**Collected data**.
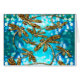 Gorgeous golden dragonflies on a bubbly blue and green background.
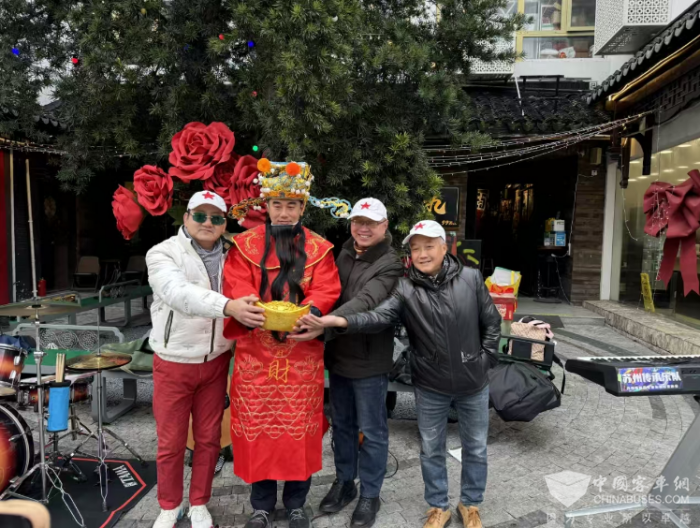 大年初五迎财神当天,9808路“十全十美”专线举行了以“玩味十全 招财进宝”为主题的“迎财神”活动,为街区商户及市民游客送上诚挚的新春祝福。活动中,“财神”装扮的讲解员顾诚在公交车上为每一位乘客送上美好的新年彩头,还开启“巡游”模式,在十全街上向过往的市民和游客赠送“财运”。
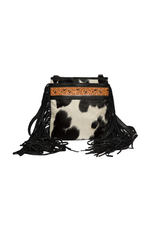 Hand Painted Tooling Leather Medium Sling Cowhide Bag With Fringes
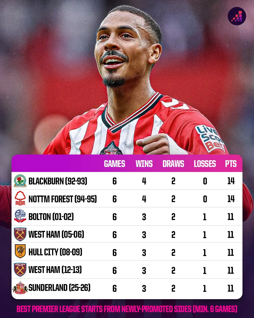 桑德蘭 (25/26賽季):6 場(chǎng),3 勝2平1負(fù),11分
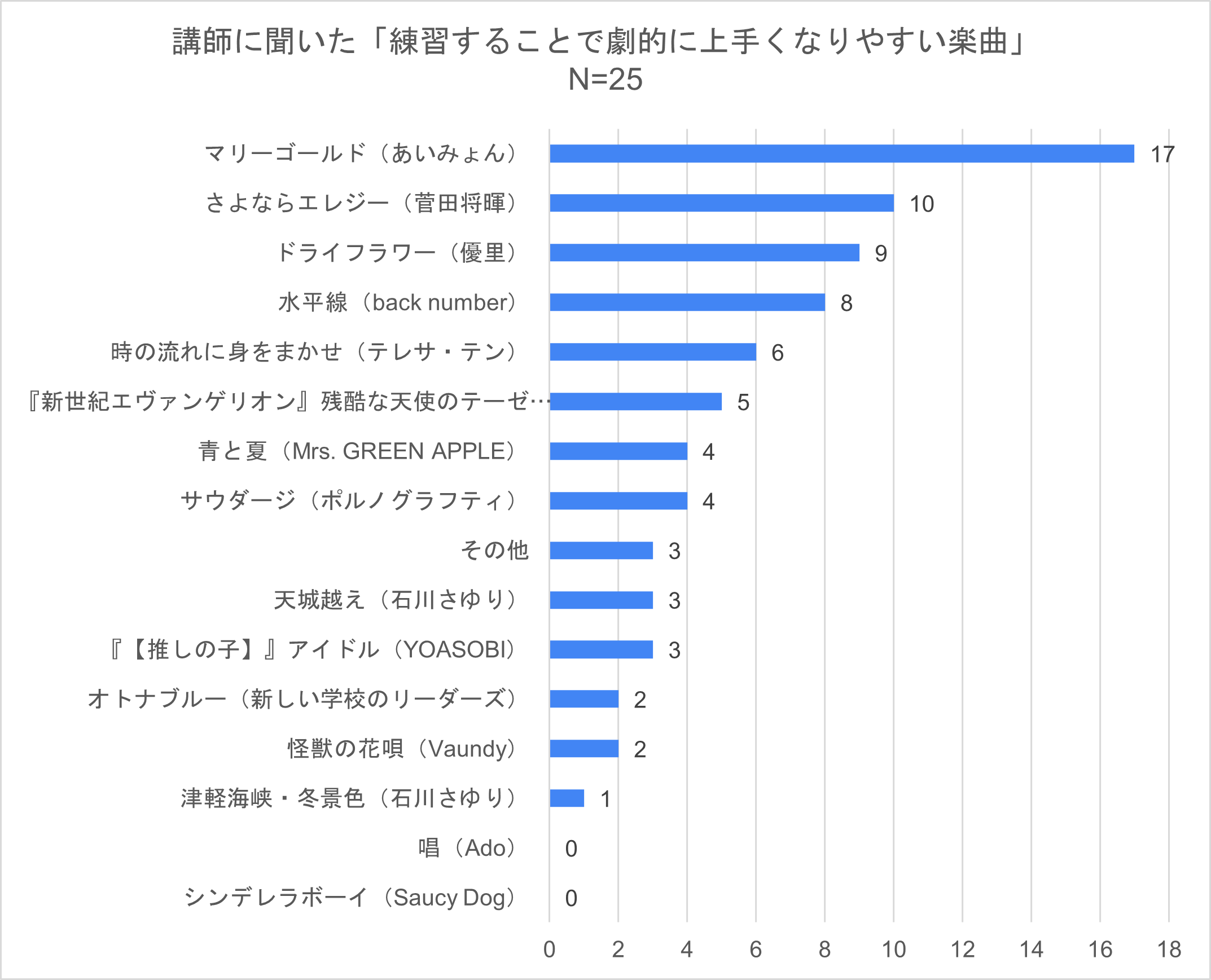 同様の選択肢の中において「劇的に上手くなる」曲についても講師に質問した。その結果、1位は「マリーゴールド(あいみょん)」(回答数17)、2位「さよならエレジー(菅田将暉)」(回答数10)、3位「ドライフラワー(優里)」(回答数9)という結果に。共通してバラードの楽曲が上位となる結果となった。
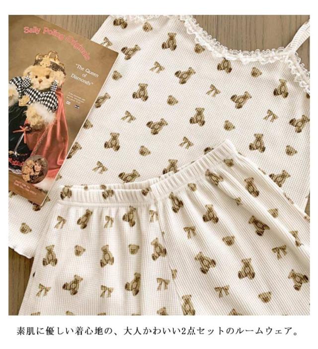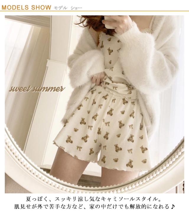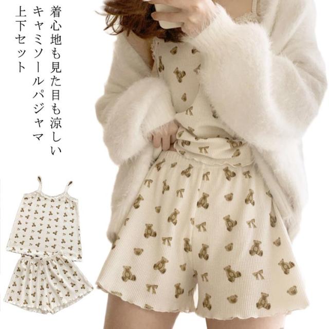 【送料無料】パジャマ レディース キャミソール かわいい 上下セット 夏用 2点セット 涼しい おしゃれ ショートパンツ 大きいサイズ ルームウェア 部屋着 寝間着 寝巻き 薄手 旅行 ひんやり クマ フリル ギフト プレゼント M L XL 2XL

**YOUR INSTRUCTIONS**.
Please retype only the lines from the line that holds "Hand Painted Tooling" through the end of the records, exactly as they stand, and drop every picture.

**SOLVED PROBLEM**.
 Hand Painted Tooling Leather Medium Sling Cowhide Bag With Fringes
 桑德蘭 (25/26賽季):6 場(chǎng),3 勝2平1負(fù),11分
 同様の選択肢の中において「劇的に上手くなる」曲についても講師に質問した。その結果、1位は「マリーゴールド(あいみょん)」(回答数17)、2位「さよならエレジー(菅田将暉)」(回答数10)、3位「ドライフラワー(優里)」(回答数9)という結果に。共通してバラードの楽曲が上位となる結果となった。
 【送料無料】パジャマ レディース キャミソール かわいい 上下セット 夏用 2点セット 涼しい おしゃれ ショートパンツ 大きいサイズ ルームウェア 部屋着 寝間着 寝巻き 薄手 旅行 ひんやり クマ フリル ギフト プレゼント M L XL 2XL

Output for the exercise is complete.